O rosto de Sheila anuviou-se e seu sorriso se fora, ela parecia outra pessoa, a que Riker tinha medo de realmente existir.
-Aconteceu exatamente o que você soube, comandante. Ela deu um tom irônico à última palavra.
-Sely, -ele tentou resgatar a pessoa que se fora - Não posso acreditar que tenha feito aquilo... Não você... Não a...
-...A sua irmã comandante? Realmente, isso deve ser muito desconcertante pra você, não?
-Ora Sely, isso não tem nada haver... - o barulho do comunicador o interrompeu.
-Picard para Riker.
-Riker aqui senhor.
-Desculpe lhe interromper número um, mas estamos tendo alguns problemas na ponte.

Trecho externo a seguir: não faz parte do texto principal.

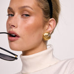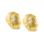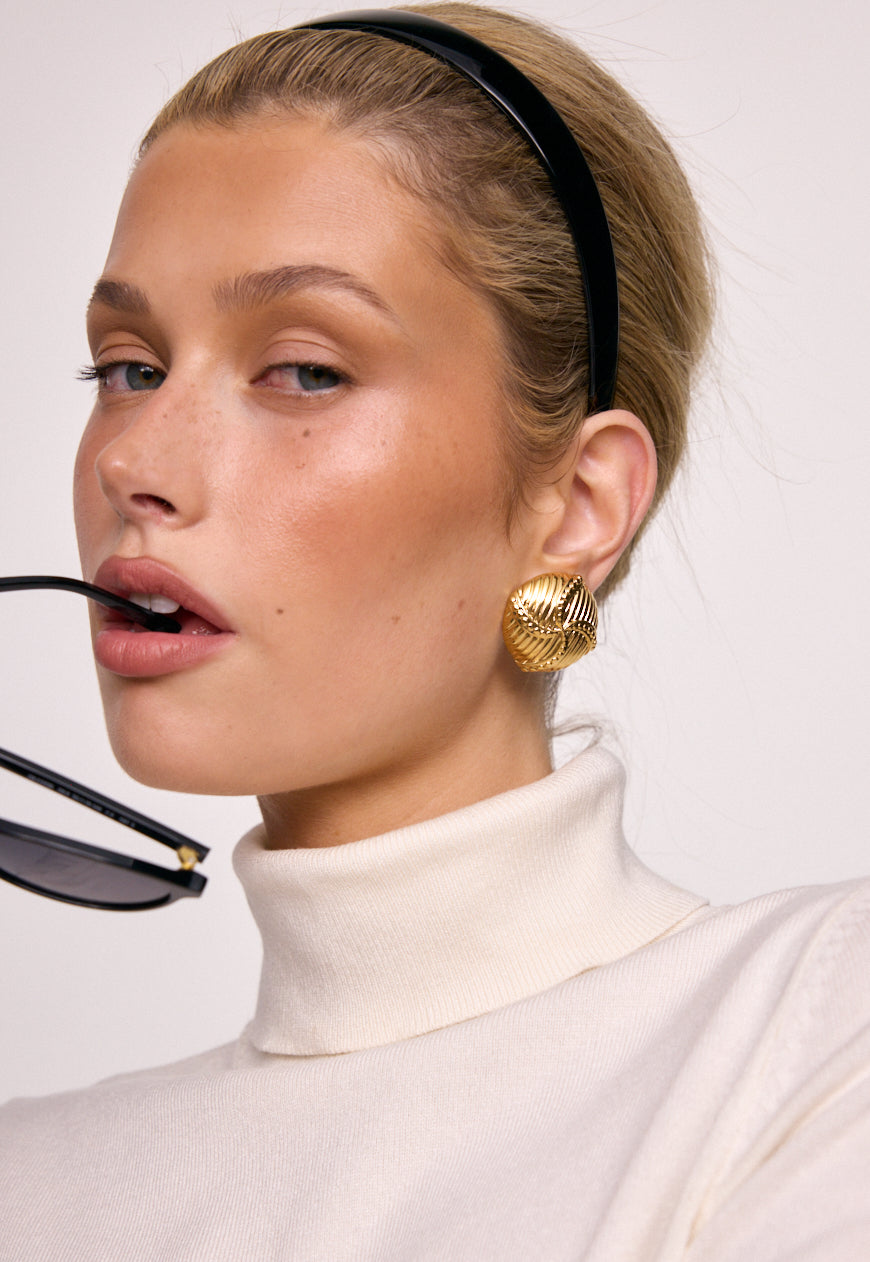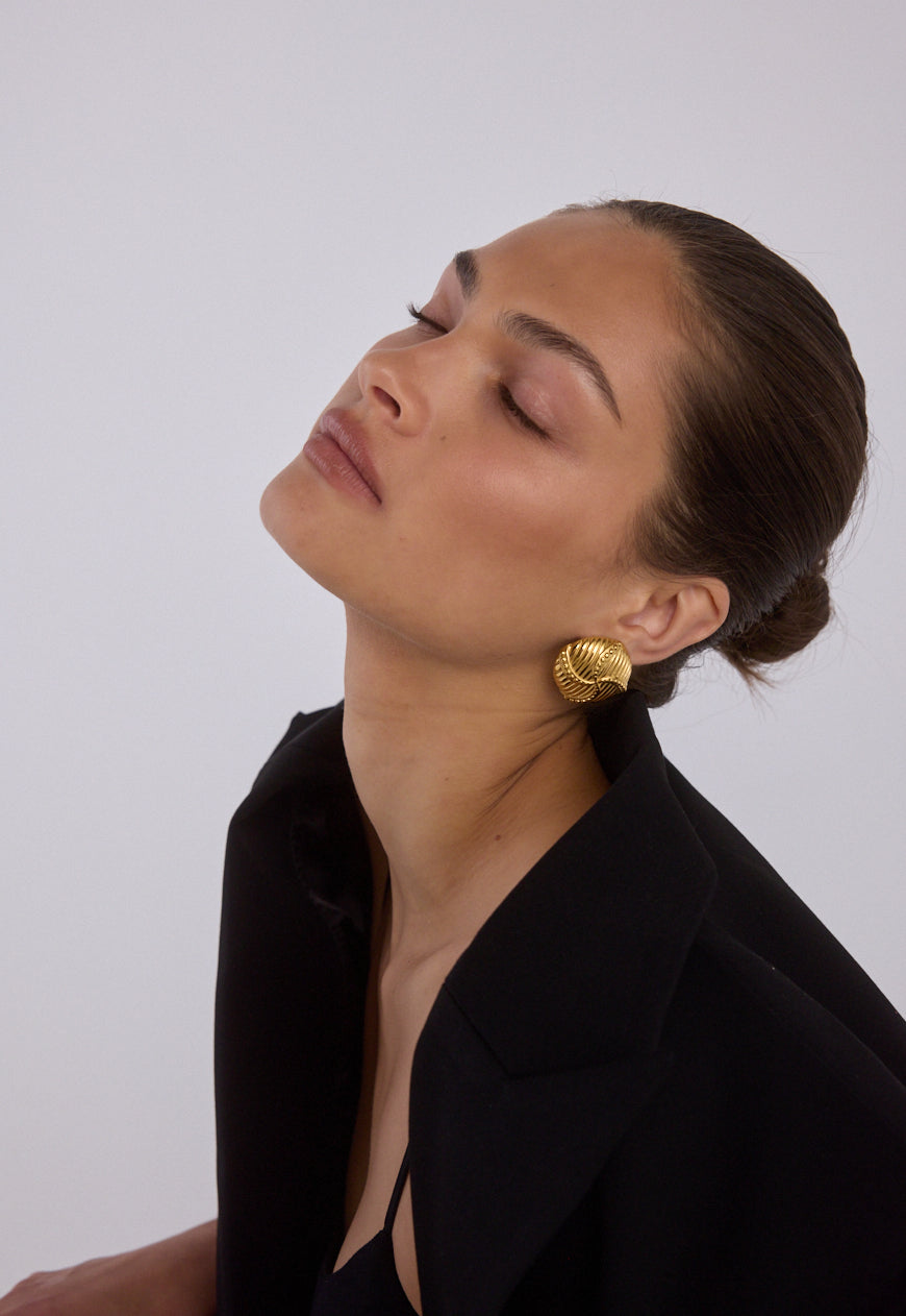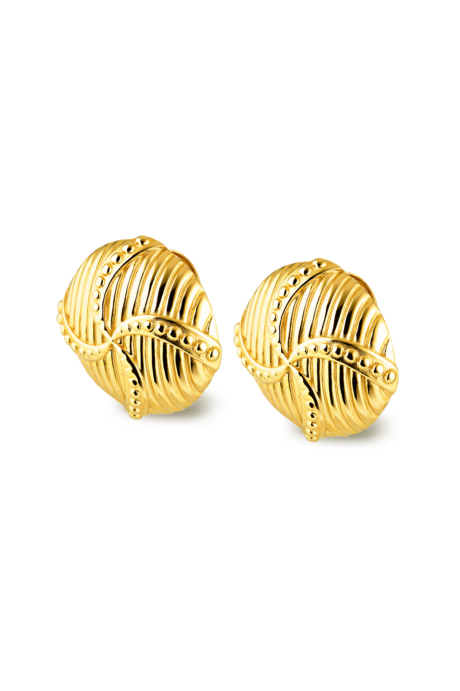 Vintage inspired textured form. The Cindy Earrings feature a rounded, ribbed design with raised beaded lines throughout, crafted in 18K Gold Plated Stainless Steel.
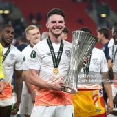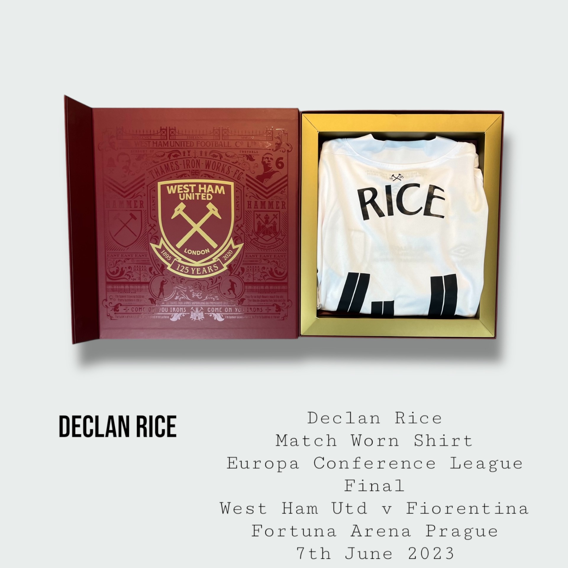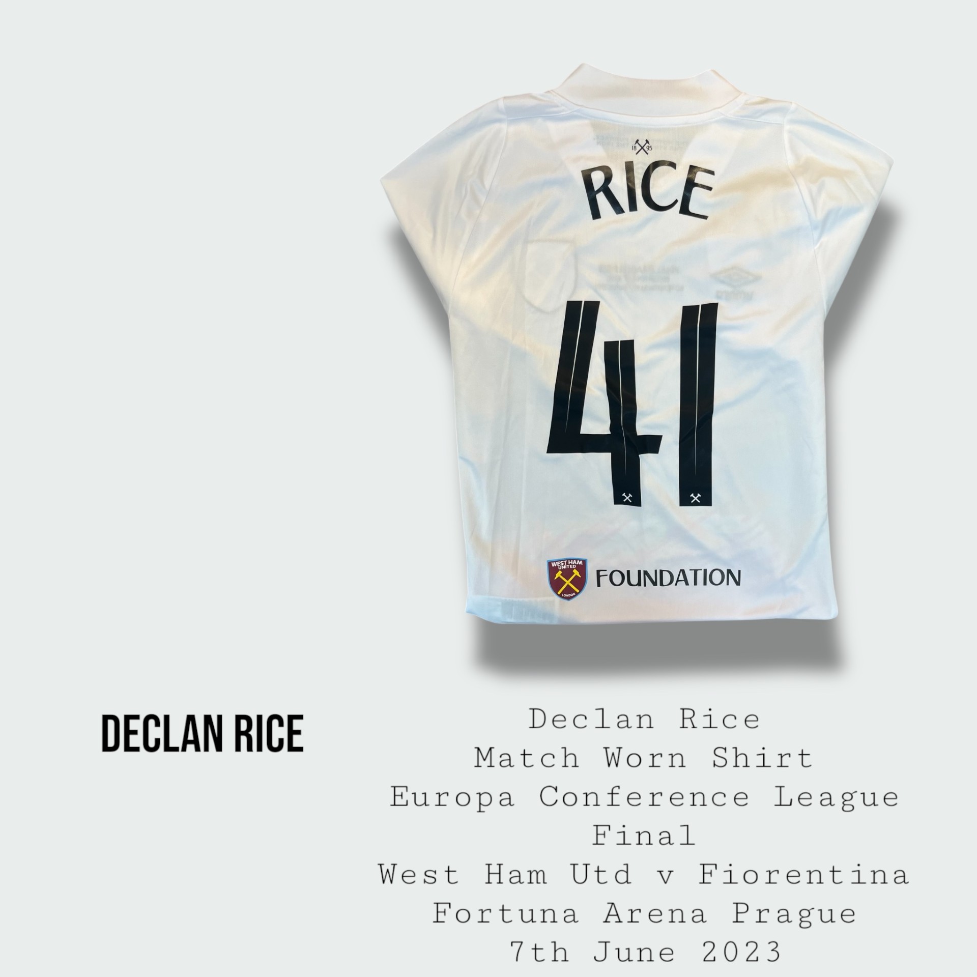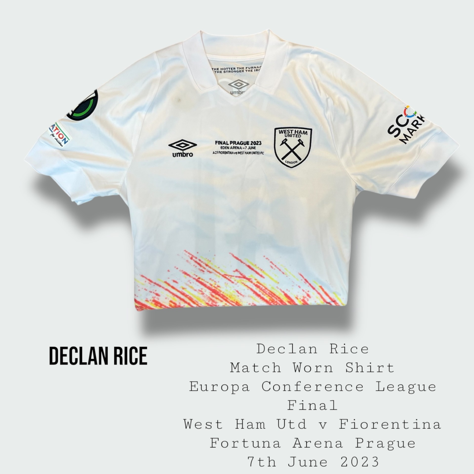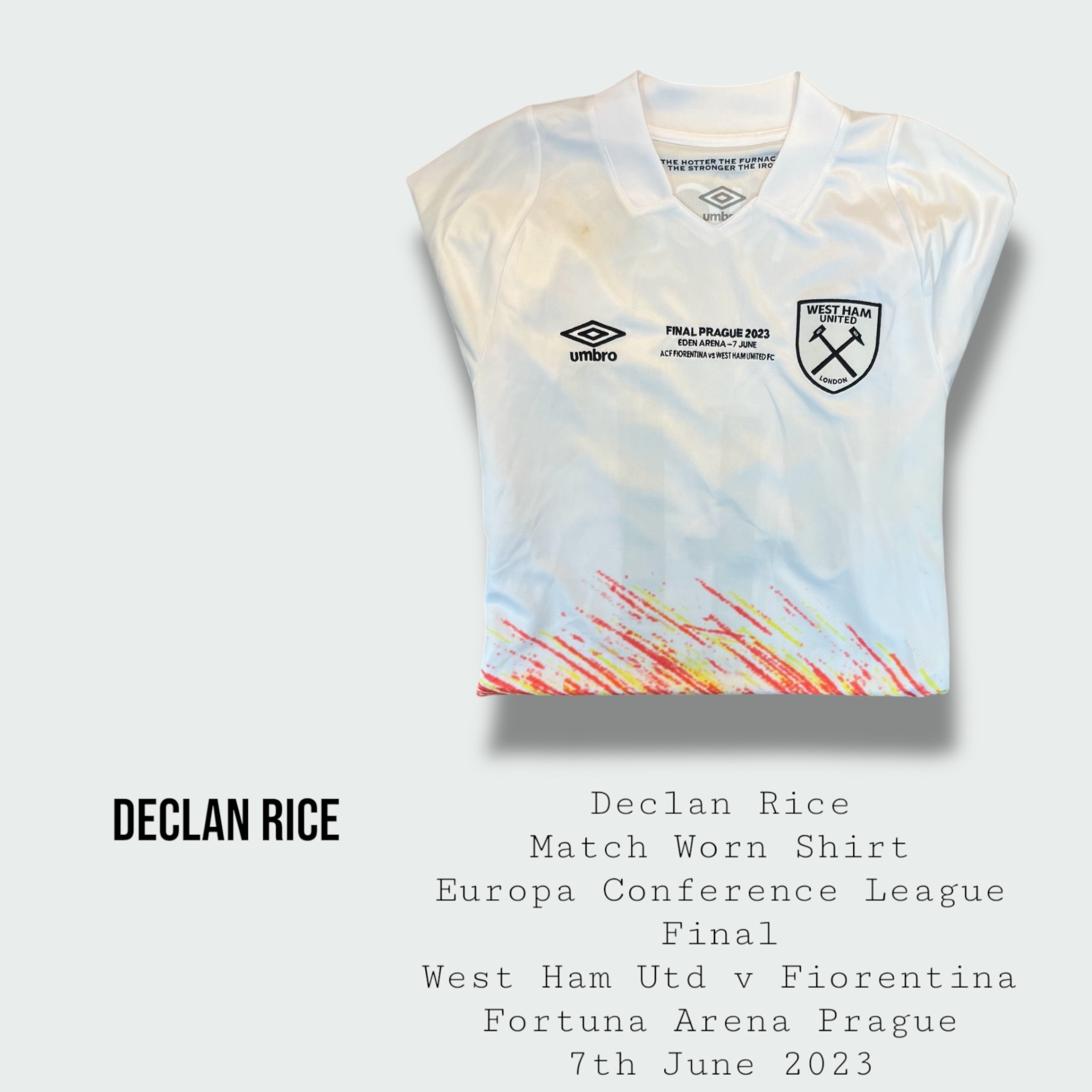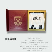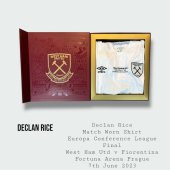 Incredibly rare and historic Declan Rice match worn West Ham United Europa Conference League final shirt
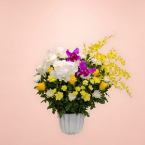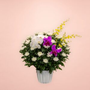 菊の気品さ、洋花の華やかさをあわせもった人気のあるスタイルです。
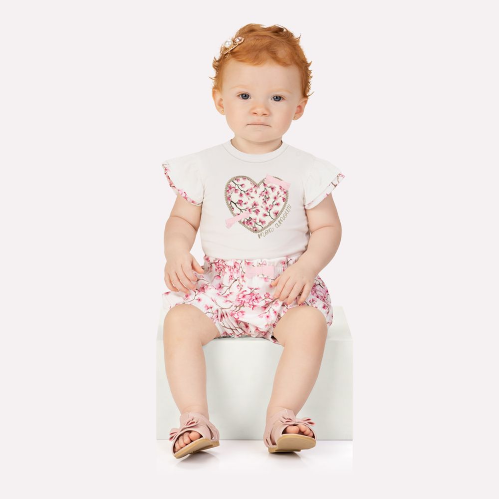 O body, confeccionado em cotton 95% algodão e 5% elastano, tem toque macio e modelagem ajustada, garantindo liberdade de movimento e conforto durante todo o dia. Ele se destaca pelo bordado em forma de coração com estampa deflores e lacinho aplicado, que transmite toda a ternura da infância. As mangas franzidas com babadinhos delicados trazem um ar romântico e gracioso, enquanto o fechamento por botões de pressão facilita o vestir e trocar.
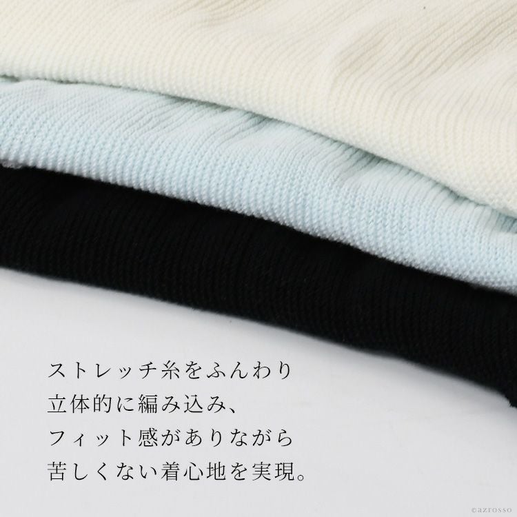 おなかをつつむ腹巻き部分は、肌に優しいコットン(綿)を使用。保温性だけではなく、吸湿性に優れているので、気温の変化が大きな春・高温多湿な夏・肌寒い秋とオールシーズン快適に過ごせます。 ストレッチ糸をふんわり立体的なワッフル編みで仕立てており、ウエストのくびれや丸みにしっかりフィットしつつ窮屈感なく苦しくない着心地を実現しました。 肌あたりが気になるタグは外側につけているのも嬉しいポイント。敏感肌の方にもストレスなく着て頂けます。
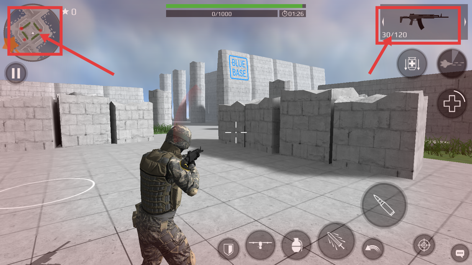 2、进入城堡战斗场景后,利用左上角小地图观察战场布局,留意武器弹药状态(如30/120),规划移动与攻击路线。
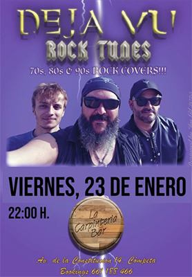CÓMPETA – Bij La Carpinteria Bar in het Axarquía-dorp Cómpeta treedt vrijdagavond 23 januari de rockband Deja Vu op. Het optreden begint rond 22.00 uur.

Preciso de você aqui.
-Sim senhor, estou a caminho.
Nesse exato momento Deanna Troi apareceu na porta.
-Comandante, - ela acenou para Riker - o capitão me pediu que viesse.
-Claro, conselheira. Essa é Sheila Riker... - ele excitou um pouco, então, ao encarar a menina completou - ...Minha irmã. Sheila, essa é Deanna Troi, nossa conselheira.
A betazóide sorriu largamente e a outra apenas retribuiu, com um aceno um pouco simpático.
-Bem, preciso ir - disse Riker, e olhando para Sheila concluiu antes de sair - nós terminaremos nosso assunto depois.
Ela fez uma cara de cinismo enquanto via a porta se fechar atrás dele então se virou para a conselheira.
-Conselheira...Estranho que não tenham mandado ninguém da segurança para me vigiar?
Deanna sorriu.
-Você é livre aqui dentro, lógico que vão pegar mais seu pé do que no dos outros, mas é livre e isso só mudará se você fizer por onde para desmerecer essa liberdade. Estou aqui para lhe mostrar seus aposentos. - ela fez um gesto simpático indicando a porta.
As duas saíram pêlos corredores.
-Definitivamente eu não entendo, - disse Sheila e respondendo a um olhar questionador de Troi continuou - Quer dizer, por que tenho liberdade aqui dentro, teoricamente eu já perdi o direito a minha liberdade. - Deanna continuou a olhar para ela - Quer dizer... Sinceramente eu não entendo.
-O programa o qual você faz parte agora, sugere que você pode ser, desculpe o termo, "re-aproveitável" em alguma sociedade do universo, resumindo, na Frota estelar. Lógico que não vão forçar você a se integrar na Frota, mas, tirar você da sociedade em que não deu certo e colocá-la dentro de uma nave estelar já é um grande empurrão.
Sheila riu da idéia.
-Eu, na Frota estelar... Não aprecio a idéia.
-Bem, então por que veio para uma nave estelar?
-Eu estou cumprindo pena, conselheira, em nenhum momento achei que isso fosse ser agradável.
Troi olhava questionadora para a outra, tinha algo estranho nela que a conselheira não conseguia identificar. Sua mente parecia fugir de algo e, ao mesmo tempo, parecia correr atrás da mesma coisa.
-Essa sua decisão não tem haver com a presença de seu irmão na nave?
A mais nova não esperava a pergunta e não gostou dela também, mas ao encarar a betazóite encontrou paz em seu olhar. Não tinha encarado Deanna ainda por isso não havia sentido nada antes, mas a primeira impressão que teve foi o suficiente para ela reconsiderar a resposta bastante grossa que estava na ponta de sua língua.
Troi viu um leve sorriso se abrir na boca de Sheila.
-Quem sabe, conselheira? - disse em resposta a questão - Quem sabe?